Menurut Ahmad, masyarakat modern menuntut ketersambungan antara subyek dengan obyek konsumsi. Seberapa banyak yang dikonsumsi semestinya sejalan dengan apa yang kemudian diproduksi. Itulah yang tidak ia temukan pada pola konsumsi masyarakat perkotaan dewasa ini. “Selama ini kita menganggap iklan adalah sesuatu yang biasa. Masak bisa iklan niaga yang semestinya cuma mendapat jatah maksimal 20% untuk ditayangkan, di bulan Ramadhan menyentuh 50%. Kan, artinya ada masyarakat yang dijarah cuma untuk kelangsungan usaha media.”
Oleh karenanya, literasi iklan, yakni kemampuan mengenali dan memahami apa yang terkandung dalam iklan, sudah barang tentu menjadi penting. Untuk itu, menurut representatif Rumah Sinema, Firly Anisa, M.A., masyarakat perlu memahami logika konstruksi iklan.

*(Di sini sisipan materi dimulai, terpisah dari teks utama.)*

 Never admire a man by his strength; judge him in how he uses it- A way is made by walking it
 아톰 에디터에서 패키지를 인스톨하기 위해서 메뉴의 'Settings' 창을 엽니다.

Dilatarbelakangi tujuan tersebut, tim Rumah Sinema mengadakan penelitian untuk mengukur kemampuan penyerapan iklan pada murid SMA/sederajat di Yogyakarta. Tim peneliti adalah Dyna Herlina Suwarto, Kurniawan Adi Saputro, Prastowo Ragawi, dan Nurkusuma Hidayati.

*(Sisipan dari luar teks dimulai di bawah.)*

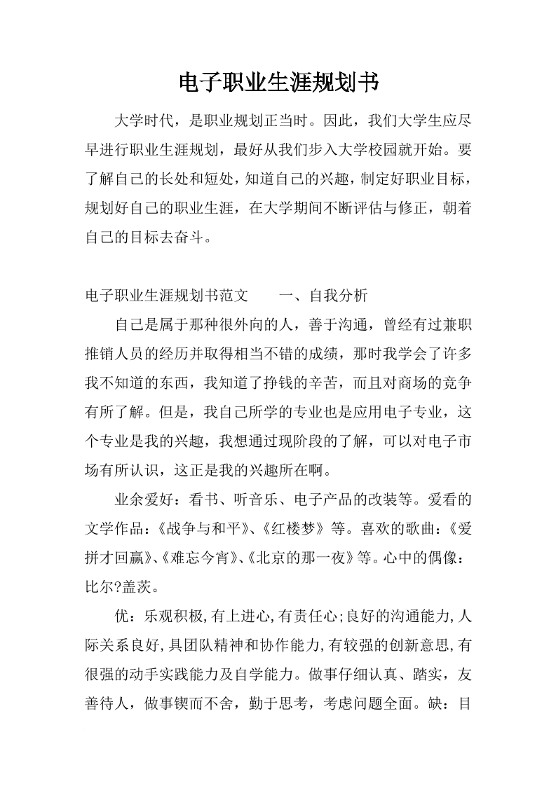 职业生涯规划书-信息科学技术学院-电子信息工程2班-2011162004-晁金龙

Hasil penelitian didiseminasikan pada Rabu (28/12) siang, bertempat di Plaza Informasi KPID DIY, di mana tim Rumah Sinema bekerja sama dengan KPID DIY menyelenggarakan seminar bertajuk Pengembangan dan Pengujian Skala Literasi Iklan. Dalam kesempatan ini, dijelaskan mengenai tingkat literasi masyarakat Yogyakarta dan dilakukan pengenalan ‘kuesioner literasi iklan’ yang dapat digunakan kembali oleh peneliti yang berminat. Kuesioner tersebut dapat dipergunakan sebagai alat ukur untuk mengetes tingkat literasi iklan
Menurut tim peneliti, Dyna dan Prastowo, kuesioner tersebut dapat dipergunakan kembali unuk penelitian-penelitian tingkat literasi iklandi daerah lain lantaran ia berbentuk penelitian kuantitatif. “Penelitian kuantitatif lebih mudah direplikasi, jadi bisa digunakan dalam situasi berbeda,” tutur Dyna. Dia menambahkan, pembentukan kuesioner dilakukan dalam tiga tahap, yakni pengembangan kuesioner dan telaah ahli, uji coba kuesioner, dan pengujian kuesioner.

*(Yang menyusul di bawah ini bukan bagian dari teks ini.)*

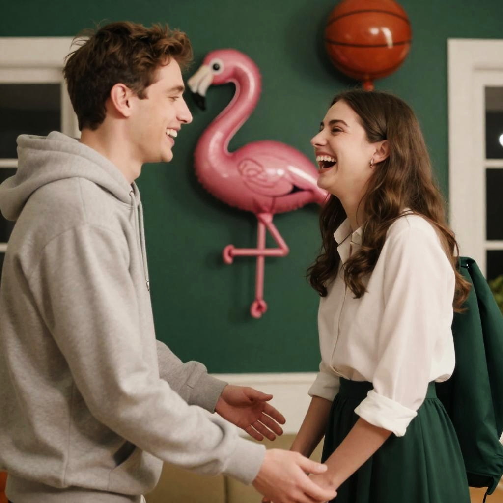 Two people in a room, man in gray hoodie and woman in white shirt and green dress, laughing, man reaching out. Pink flamingo balloon and basketball-shaped decoration on green wall. Woman's long brown hair, man's short brown hair. Green coat on back. Warm indoor lighting.

Tahap pengembangan kuesioner dilandasi oleh teori dari Malmelin (2010) mengenai empat dimensi dalam variabel literasi iklan. Keempat dimensi tersebut—yakni literasi informasi, retorika, estetika, dan promosi—digunakan untuk memahami secara utuh mengapa seseorang membuat iklan dan apa yang dikandung di dalam iklan tersebut. Berlatar belakang teori Malmelin tersebut, dibuatlah 47 pertanyaan yang lantas diperiksa oleh ahli (Rahayu, S.IP, M.Si dari UGM dan Hendriyani, S.Sos, M.Si. dari UI); baru setelah diperoleh masukan, 50 pertanyaan untuk kuesioner lantas digunakan dalam tahap uji coba kuesioner.
Kuesioner diujicobakan kepada 235 siswa, pemilihan responden dilakukan secara acak dari 18 SMA. “Namun yang lengkap terisi dan dianalisis sebanyak 185,” ujar Dyna. 185 responden tersebut kemudian diklasifikan berdasarkan kelompok Media Habbit Responden yang mengukur durasi akses telvisi, internet, majalah, koran, dan bioskop para remaja di Yogyakarta tersebut dan berdasarkan kelompok Uang Saku Belanja Responden yang mengelompokan mereka ke dalam kategori uang saku dan uang belanja dengan penggunaan mínimum dan maksimum.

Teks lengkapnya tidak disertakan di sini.